Preview features that are supported for processing of PHI data

The following preview features are supported for processing of PHI:

Shared responsibility of HIPAA compliance

Complying with HIPAA has three major areas, with different responsibilities. While each party has numerous responsibilities, below we enumerate key responsibilities of ours, along with your responsibilities.

This article use the Databricks terminology control plane and a compute plane, which are two main parts of how Databricks works:

  • The Databricks control plane includes the backend services that Databricks manages in its own Google Cloud account.

  • The compute plane is where your data lake is processed. The classic compute plane includes a VPC in your Google Cloud account, and clusters of compute resources to process your notebooks, jobs, and pro or classic SQL warehouses.

Key responsibilities of Google include:

  • Perform its obligations as a business associate under your BAA with Google.

  • Provide you virtual machines under your contract with Google Cloud that support HIPAA compliance.

  • Provide encryption at rest and in-transit encryption within GKE clusters that is adequate under HIPAA.

  • Delete encryption keys and data when Databricks releases the VM instances.

Key responsibilities of Databricks include:

  • Encrypt in-transit PHI data that is transmitted to or from the control plane.

  • Encrypt PHI data at rest in the control plane

  • Deprovision VM instances when you indicate in Databricks that they are to be deprovisioned, for example auto-termination or manual termination, so that Google Cloud can wipe them.

Key responsibilities of yours:

  • Do not use preview features within Databricks to process PHI without our written permission.

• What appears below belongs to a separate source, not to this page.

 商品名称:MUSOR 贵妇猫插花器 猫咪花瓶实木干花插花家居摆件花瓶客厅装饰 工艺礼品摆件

However, it is supported to use the preview features listed in Preview features that are supported for processing of PHI data.

  • Follow security best practices, such as disable unnecessary egress from the compute plane and use the Databricks secrets feature (or other similar functionality) to store access keys that provide access to PHI.

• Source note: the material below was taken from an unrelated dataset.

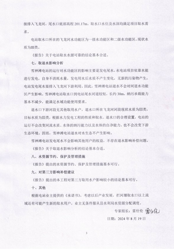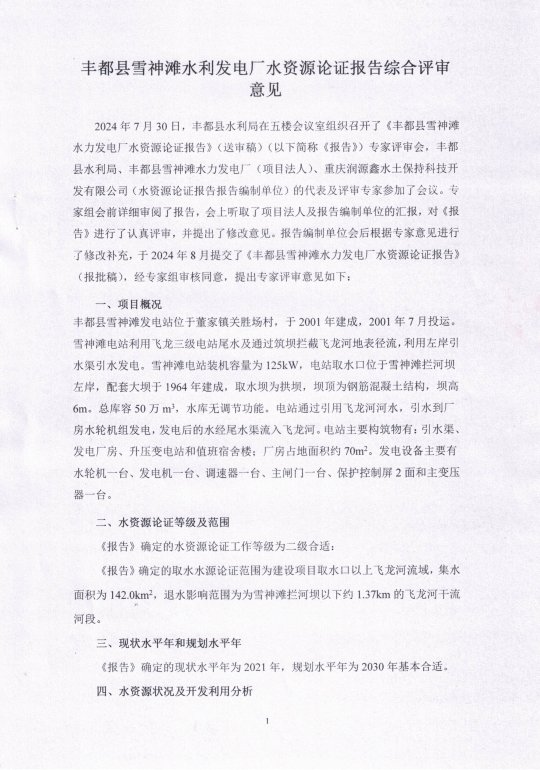 附件:丰都县雪神滩水力发电厂水资源论证报告综合评审意见

  • Enter into a business associate agreement with Google Cloud to cover all data processed within the VPC where the VM instances are deployed.

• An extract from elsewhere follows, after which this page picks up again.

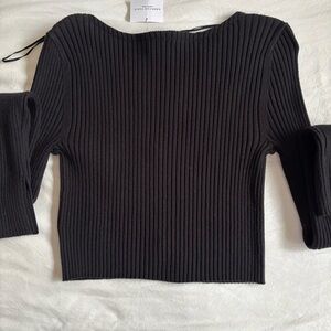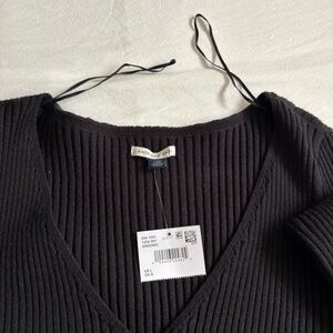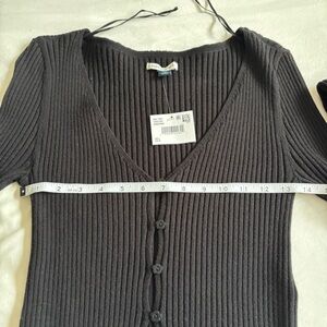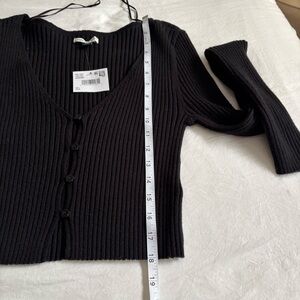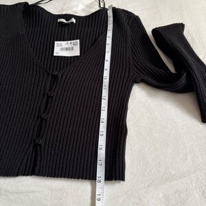 Stylish black ribbed cardigan with button-up front. Perfect for layering.

  • Do not do something within a virtual machine that would be a violation of HIPAA. For example, direct Databricks to send unencrypted PHI to an endpoint.

  • Ensure that all data that may contain PHI is encrypted at rest when you store it in locations that the Databricks platform may interact with. You are responsible for ensuring the encryption (as well as performing backups) for your buckets that Databricks creates in your account for each workspace and all other data sources.

  • Ensure that all data that may contain PHI is encrypted in transit between Databricks and any of your data storage locations or external locations you access from a compute plane machine. For example, any APIs that you use in a notebook that might connect to external data source must use appropriate encryption on any outgoing connections.

  • Ensure that all data that may contain PHI is encrypted at rest when you store it in locations that the Databricks platform may interact with.

  • Ensure the encryption (as well as performing backups) for your workspace’s buckets and all other data sources.

  • Ensure that all data that may contain PHI is encrypted in transit between Databricks and any of your data storage locations or external locations you access from a compute plane machine. For example, any APIs that you use in a notebook that might connect to external data source must use appropriate encryption on any outgoing connections.